What was their response to this? I think it's perfectly valid to state this, and may even throw the balance of the interviewer/interviewee dynamics but I can also see other people seeing this as obtuse. But pointing out a missing bracket (in a nonconstructive manner) on a whiteboard is pretty obtuse too...

It was the last interview of the day, and I was tired and had already decided I was almost certainly going to decline any offer, if given. So, honestly, I probably said it with a little bit of an edge and that was inappropriate on me.

Nevertheless, the interviewer was gracious and replied, "Fair enough" and stopped nitpicking my brackets and semicolons.

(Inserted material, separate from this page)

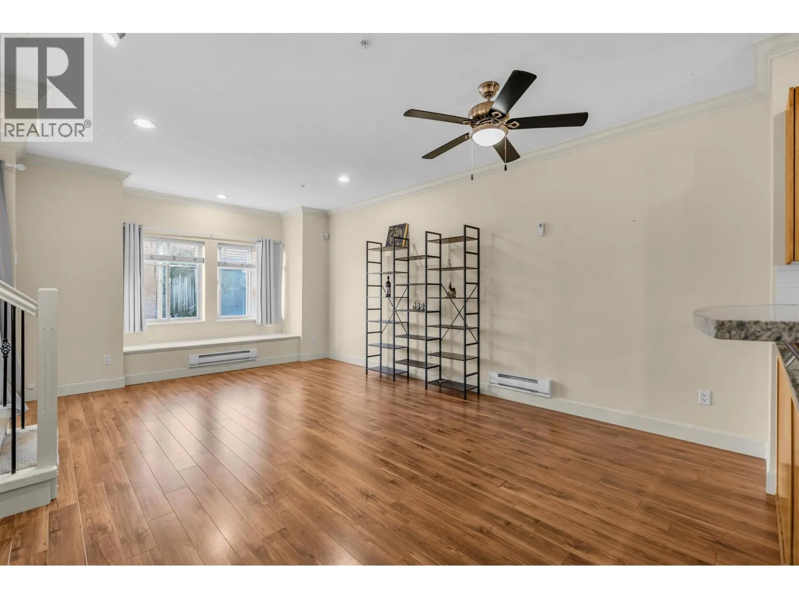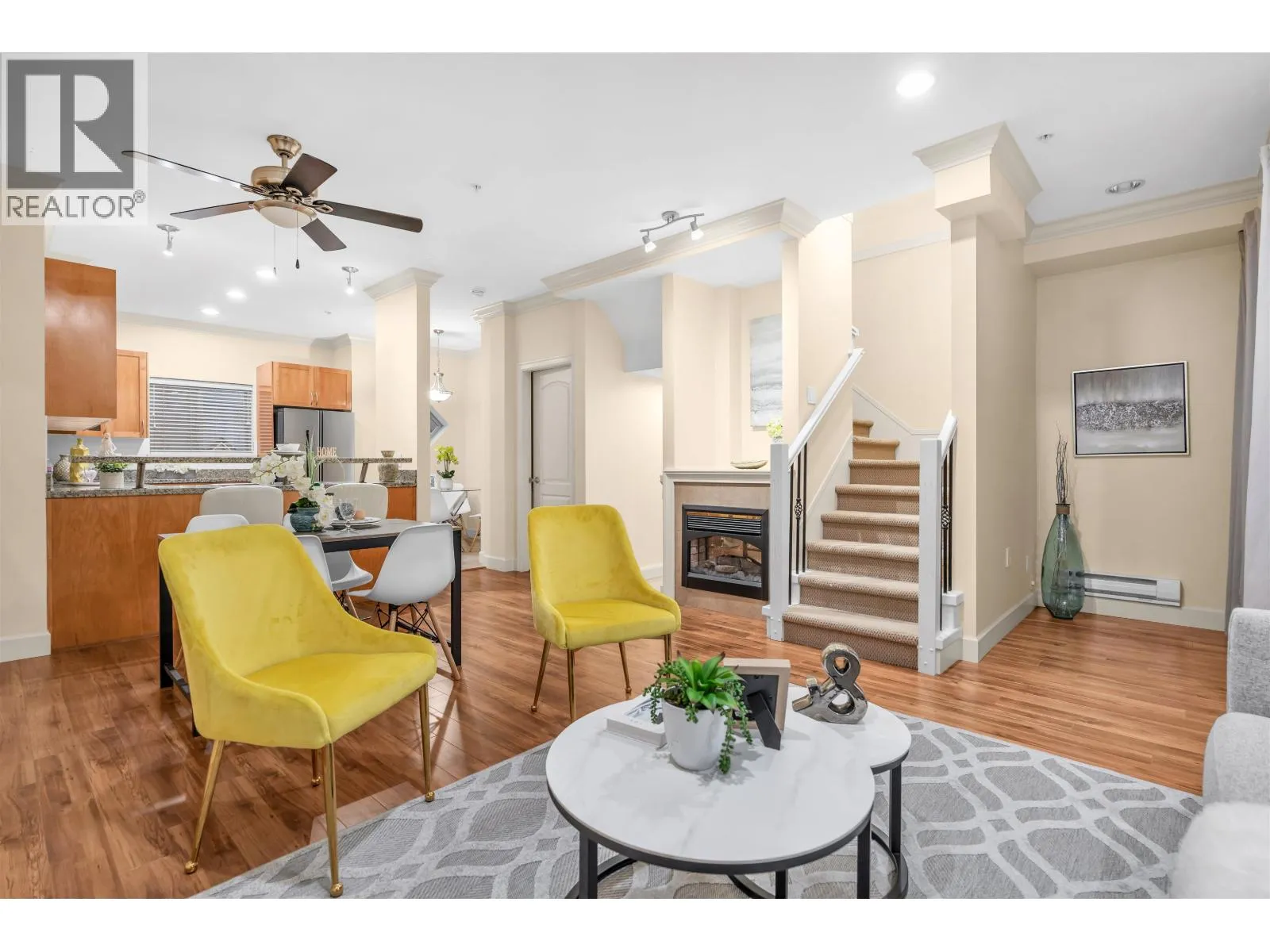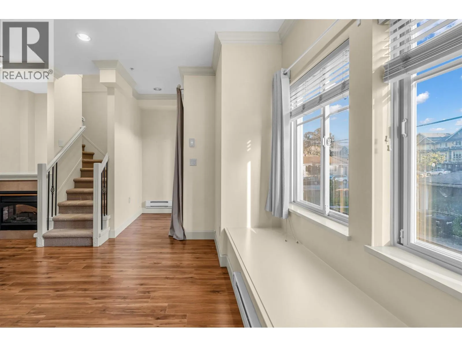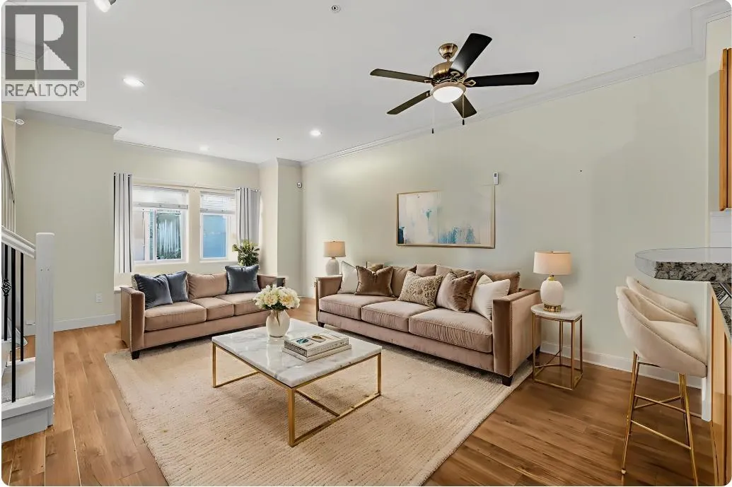 Central Location! Welcome to Belleville Heights-this 1,463 sq.ft., 3-level townhouse offers 3 bedrooms and 2 bathrooms with a bright, functional layout. Features include a modern kitchen with stainless steel appliances and granite countertops, high ceilings, and an electric fireplace. Enjoy a south-facing sundeck off the den plus a gated front patio with a private entrance. The lower level boasts a well-maintained, rarely seen side-by-side double garage with 8´ ceilings, extra storage, and in-suite laundry. Conveniently located near Burnaby General Hospital, Hwy 1, transit, Costco, Walmart, and Superstore, with easy access to BCIT and future development at Kwasen Village. A rare find you won´t want to miss! (id:27476)

I got asked to find the intersection of two squares for a Django cosing job. I pointed out that it had absolutely nothing to do with Django (after getting a solution).

I was told they thought I might be difficult to work with.

Nice! Worth doing these things even if to personally experience the boundaries of good/bad interview practice.

Cool, since you opened <preferred text editor> and you have a dev environment. Write compiler/parser in BNF for the editing commands your editor supports. Assume non-standard encodings are possible for the key presses. Here are the examples for vim/emacs. Should work with both.

That could go horribly :)

Indeed, having the candidate use their laptop gives the interviewer a valuable signal, too: whether the candidate has a coding environment they are comfortable and fluent in. Are they stumbling on their editor, or is it an extension of their mind?

So, what about those who only have a desktop? If you want candidates to code on a computer, provide one. Although that had its own issues as well.

Speaking as an interviewer, don't do this to me without prior discussion.

Being able to discuss things on a whiteboard is a necessary skill for working in a co-located office. This includes pseudocode.

That's a double edged sword. Now, your code has to compile...

Ok, but being effective at getting it to do that is an actual thing that every programmer has to do all the time.